## Directions for this task:
For the material below, count the lines containing "Sami" and reply with the number alone.

## Record excerpts:
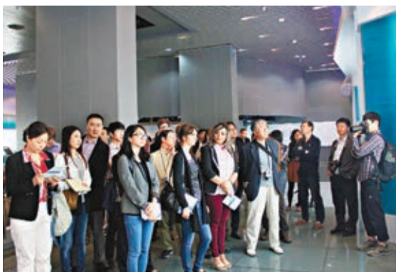
媒體團採訪前海，聽取開發介紹。

媒體團之後赴東莞，東莞市委副書記姚康及經信局、外經貿局等負責人向媒體團介紹推動傳統產業轉型升級情況。姚康透露，東莞已決定成立全面深化改革領導小組，下一步將研究《決定》與東莞實際情況結合的措施。東莞市委常委潘新潮說，東莞傳統行業轉型已有突破進展，去年4100多家來料加工廠已轉型企業法人。莞企拓內銷效果明顯，目前莞產商品1/3內銷，淘寶網30%的產品源自東莞。此外，聚集在厚街鎮的鞋業集群已從東莞製造轉向東莞設計、全球製造，商品附加值越來越高。
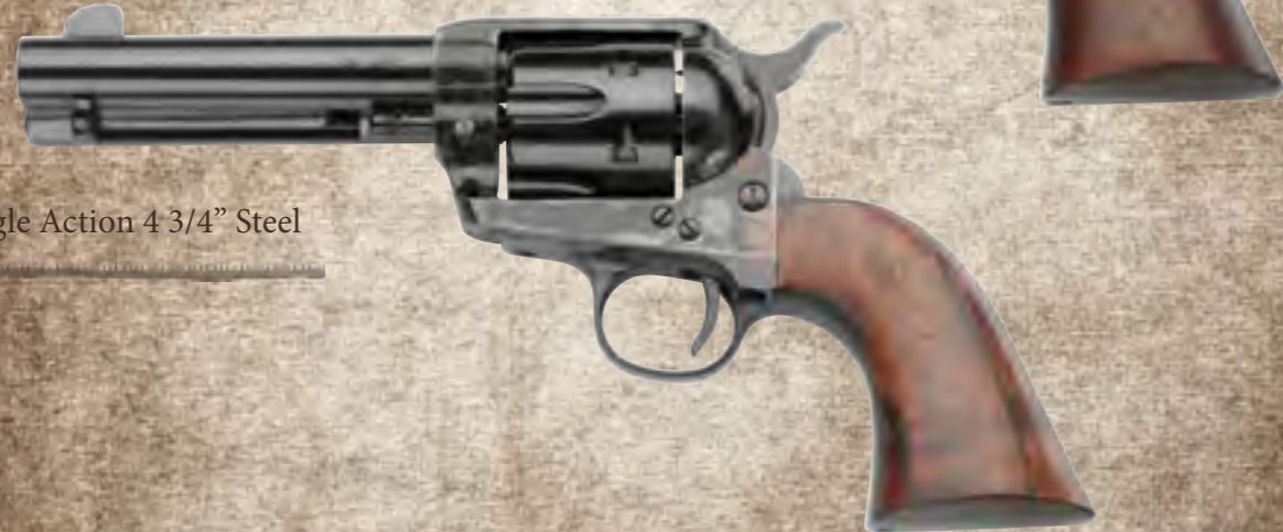
61) Single Action 4 3/4" Steel
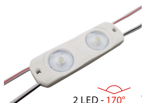
2 LED - 170°
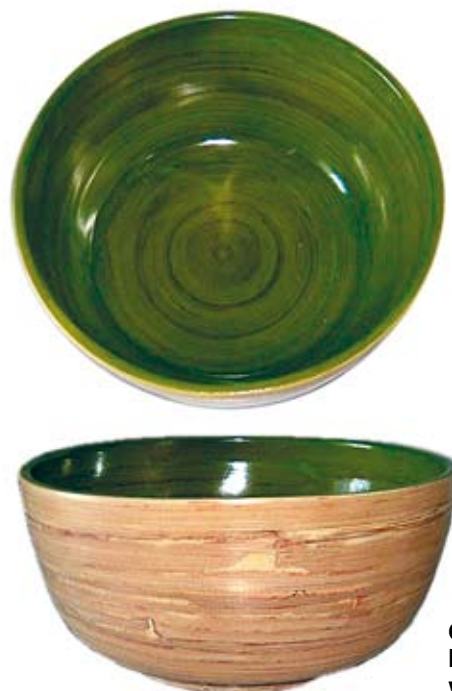
Cuenco de bambú laqueado, artesanía vietnamita.

El bambú es un material que puede sustituir con ventaja a la madera en todos los sectores en los que se utiliza ésta. Su gran velocidad de crecimiento permite extraer de 3 a 5 veces más materia prima por hectárea que cualquier especie forestal. Por lo tanto, la utilización de este material podría aliviar la presión que la demanda de madera ejerce sobre los bosques, y al mismo tiempo contribuir a frenar el efecto invernadero.
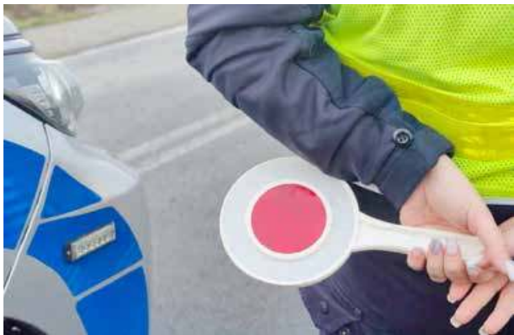
Świąteczny weekend na drogach
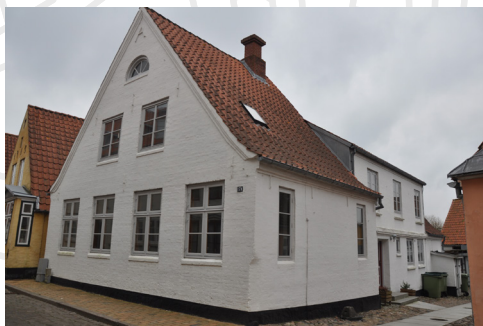
Slotsgade 17. Mellem 1821-25 er gavlen og de tre fag nærmest gaden nyopført efter klassicistisk inspiration, idet det oprindelige bindingsværkshus fra de tidlige 1700år eller før, blev forøget i bredden, fik større vindueshuller og halvrundt vindue i gavlkvisten.

I barokken, rokokoen og Louis Seize-perioden er inspirationen fra udlandet tydeligst i detaljerne, eksempelvis i dørenes detaljering. I klassicismen og senklassicismen ændres byggetraditionen markant. Dette ses ved ændringer i facaderudtrykket, nye overfladebehandlinger, kompositioner og byggemetoder.
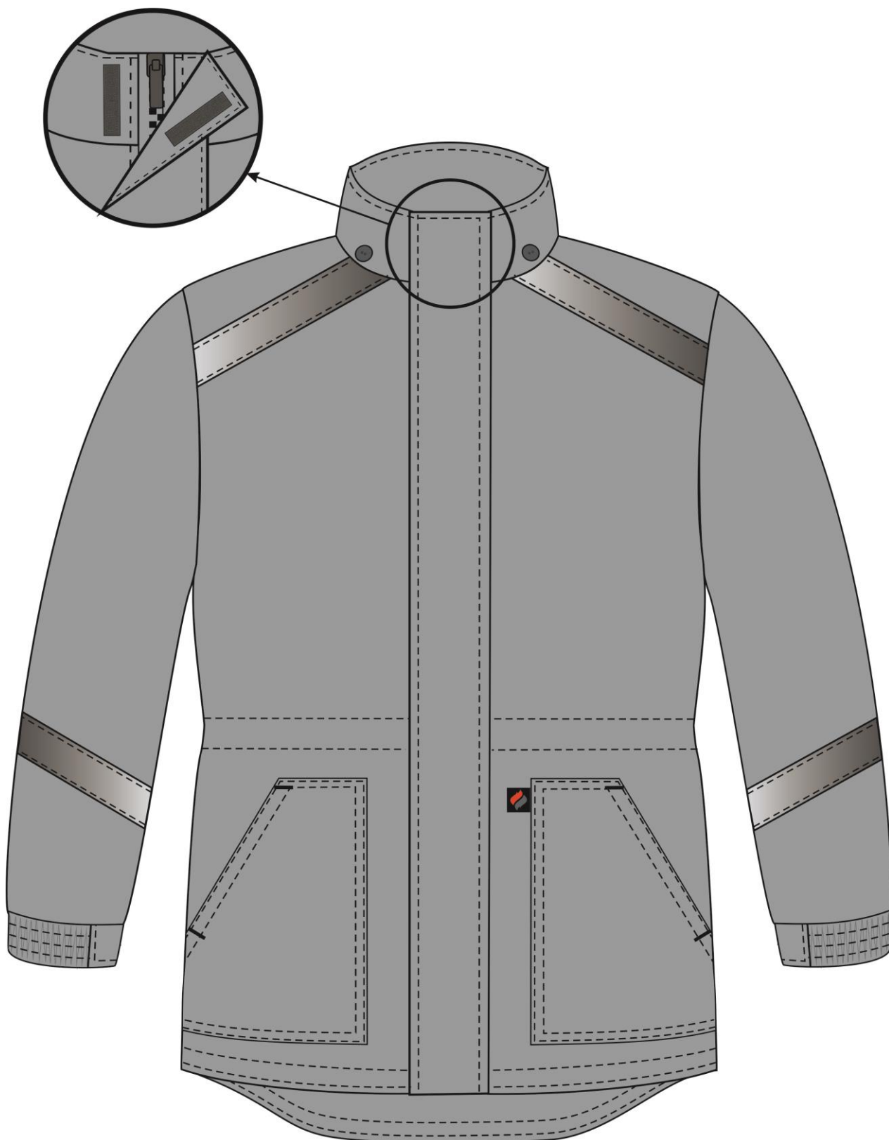
Рис. 3. Эскиз Куртка зимняя Прогресс (тк.Оксфорд), т. серый Вид спереди.
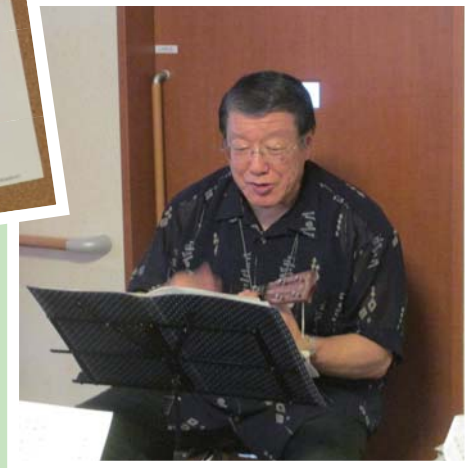
いつも上手なウクレレとトークで 皆を引き込みます。
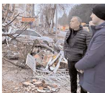
Milletvekili Ahmet Sami Ceylan, Adıyaman'da çalışmalara katılıyor.

■ AK Parti Çorum Milletvekilleri Ahmet Sami Ceylan, Oğuzkan Kaya ve Erol Kavuncu deprem bölgelerine görevlendirildi. * HABERİ 4'DE
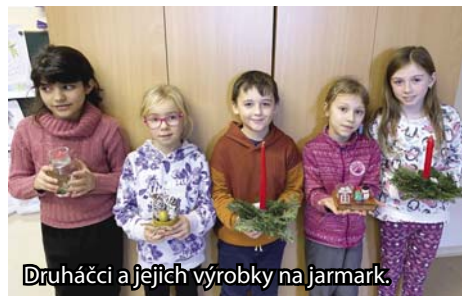
Druháci a jejich výrobky na jarmark.

Na jarmark jsme se snažili, aby výrobky byly skutečně vánoční. Začali jsme vyrábět zvonečkové rolničkami z malých květináčků. Zvonečky jsme natírali zlatou akrylovou barvou a přivázali jsme stužku. Dále jsme zlaté květináčky plnili posněženými šiškami a zlatými oříšky.
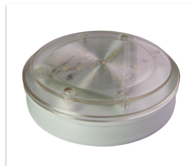
Исполнение корпуса 2 рекомендуется при скрытом монтаже проводки

Цветовая температура светодиодов в серийных светильниках - 4000 К (нейтральный белый). Под заказ производятся светильники с цветовой температурой светодиодов - 3000 К (тёплый белый) и 5000 К (холодный белый).
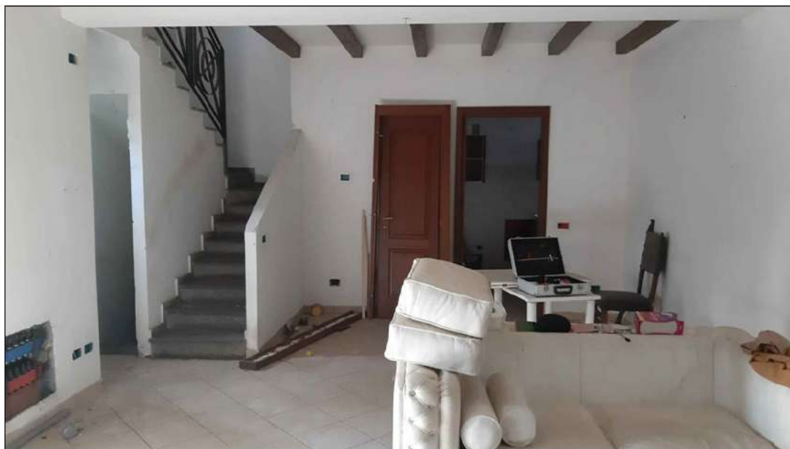
foto 9 - vista interna del soggiorno posto al piano terra.

## Result of this exercise:
2